Le logo de la plate-forme suédoise de streaming musical Spotify, lors d’une soirée de lancement d’album à l’Ace Hotel à Los Angeles en Californie, le 11 décembre. / Charley Gallay / AFP

Spotify se rapproche encore un peu plus de Wall Street. Selon la presse américaine, la plate-forme suédoise de streaming (lecture sans téléchargement) musical a lancé, fin décembre, une procédure confidentielle d’introduction en Bourse auprès des autorités américaines. L’opération est attendue au cours du premier trimestre.

Pour ses débuts boursiers, Spotify a opté pour une méthode très inhabituelle. La société prévoit en effet de procéder à une cotation directe. Elle n’émettra pas de nouvelles actions à un prix déterminé à l’avance, mais permettra simplement à ses actionnaires de revendre leurs titres. Cela signifie qu’elle ne lèvera de capitaux, car elle estime ne pas avoir besoin de fonds additionnels. Cette option va lui permettre d’économiser plusieurs millions de dollars de commissions, mais aussi de ne pas être soumise à diverses obligations et restrictions.

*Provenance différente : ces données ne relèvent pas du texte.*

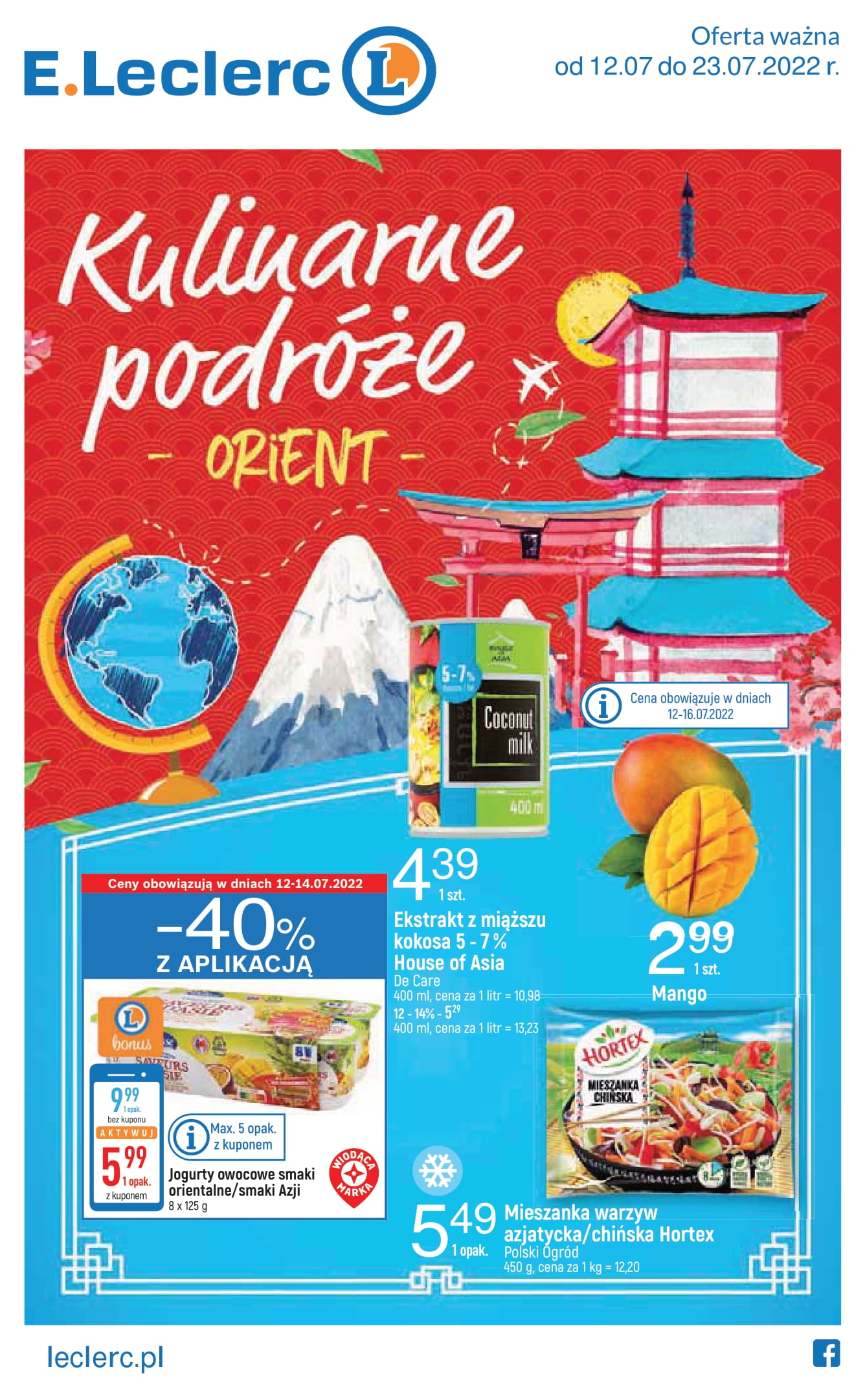 Na potrzeby kampanii E.Leclerc przygotował cykl trzech katalogów, w których zostały zaprezentowane grupy produktów z różnych krajów. Motywem przewodnim gazetek jest hasło „Kulinarne podróże”, nawiązujące do najpopularniejszych kuchni świata. Wielbiciele wschodnich smaków będą mogli kupić np. makaron sojowy, ekstrakt z miąższu kokosa czy ryż jaśminowy. Miłośnicy kuchni włoskiej – ser gorgonzola, makaron tagliatelle czy deser Tiramisu.

L’accueil réservé par les marchés sera particulièrement surveillé. Occasion de tester l’appétit des investisseurs après plusieurs introductions décevantes – comme celle de Snap, la maison mère de l’application de partage de photos et de vidéos Snapchat –, l’opération pourrait donner des idées à d’autres entreprises. Selon le Wall Street Journal, la plate-forme de location Airbnb penserait suivre la même voie pour son introduction en Bourse, grandement attendue pour 2018.

Plus de 70 millions d’abonnés payants

Spotify pensait avoir levé les derniers obstacles en 2017, en signant des accords avec les principales maisons de disques. C’était compter sans la procédure judiciaire lancée fin décembre par Wixen Music, qui lui reproche de ne pas avoir réglé les droits de plus de 10 000 morceaux et lui réclame 1,6 milliard de dollars (1,3 milliard d’euros). « Cette plainte pourrait effrayer les investisseurs », estime Mark Mulligan, directeur du cabinet MIDiA Research.

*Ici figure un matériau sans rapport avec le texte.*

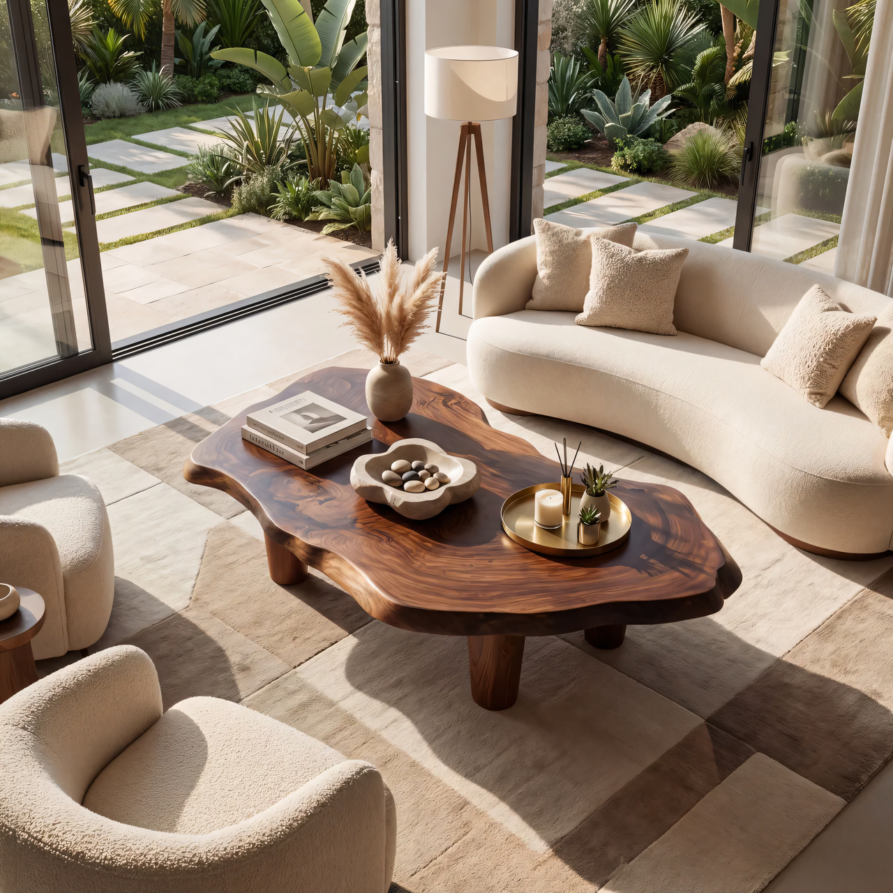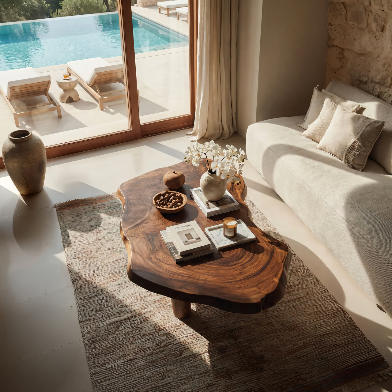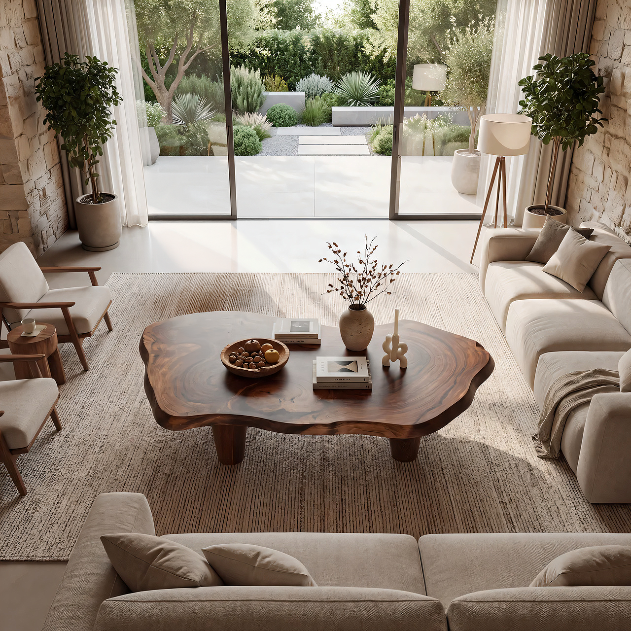 The Organic Live Edge Coffee Table with Rounded Solid Legs introduces a warm and grounded presence to the living space through its natural form and balanced proportions. Its freeform tabletop reflects the organic flow of the material, while the low, solid legs provide a stable and harmonious foundation. Designed to serve as both a functional surface and a sculptural element, this table enhances interiors with quiet elegance and natural character.

Fondé en 2006, le groupe de Stockholm a surfé sur l’essor rapide du streaming, devenu le premier mode d’écoute musicale. Il s’est surtout imposé comme le leader du marché, aussi bien sur la partie gratuite que payante. En 2015, sa dernière levée de fonds s’était effectuée sur la base d’une valorisation de 8,5 milliards de dollars. Depuis, cette valorisation a grimpé, atteignant, selon l’agence Reuters, jusqu’à 19 milliards de dollars sur le marché secondaire.

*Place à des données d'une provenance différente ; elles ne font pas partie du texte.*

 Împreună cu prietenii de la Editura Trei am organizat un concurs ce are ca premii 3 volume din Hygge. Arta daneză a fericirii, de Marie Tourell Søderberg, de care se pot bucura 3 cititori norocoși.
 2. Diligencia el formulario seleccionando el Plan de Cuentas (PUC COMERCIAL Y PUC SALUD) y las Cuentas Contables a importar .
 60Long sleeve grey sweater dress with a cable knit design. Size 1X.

En outre, Spotify n’a pas vraiment souffert de la concurrence d’Apple, qui a lancé sa propre plate-forme en juin 2015. Jeudi 4 janvier, l’entreprise a précisé avoir dépassé la barre des 70 millions d’abonnés payants, soit un gain de 10 millions de clients en cinq mois. Son rythme de croissance est ainsi deux fois supérieur à celui d’Apple Music, qui revendiquait en septembre plus de 30 millions d’abonnés.

« Envolée des pertes »

La réussite n’est pas totale. Spotify a accusé, en 2016, une perte nette de 539 millions d’euros, en forte hausse malgré un bond de 52 % de son chiffre d’affaires, à 2,9 milliards d’euros. « L’envolée des pertes s’explique principalement par les coûts de la dette », souligne M. Mulligan. L’introduction en Bourse doit permettre de convertir une partie de cette dette en actions.

Au-delà, l’entreprise doit encore prouver la pertinence de son modèle économique. La tâche est compliquée, car elle reverse plus de 80 % de son chiffre d’affaires sous forme de royalties aux ayants droit. Spotify cherche donc de nouvelles sources de recettes, en investissant dans la vidéo. Mais ses efforts n’ont pas encore porté leurs fruits.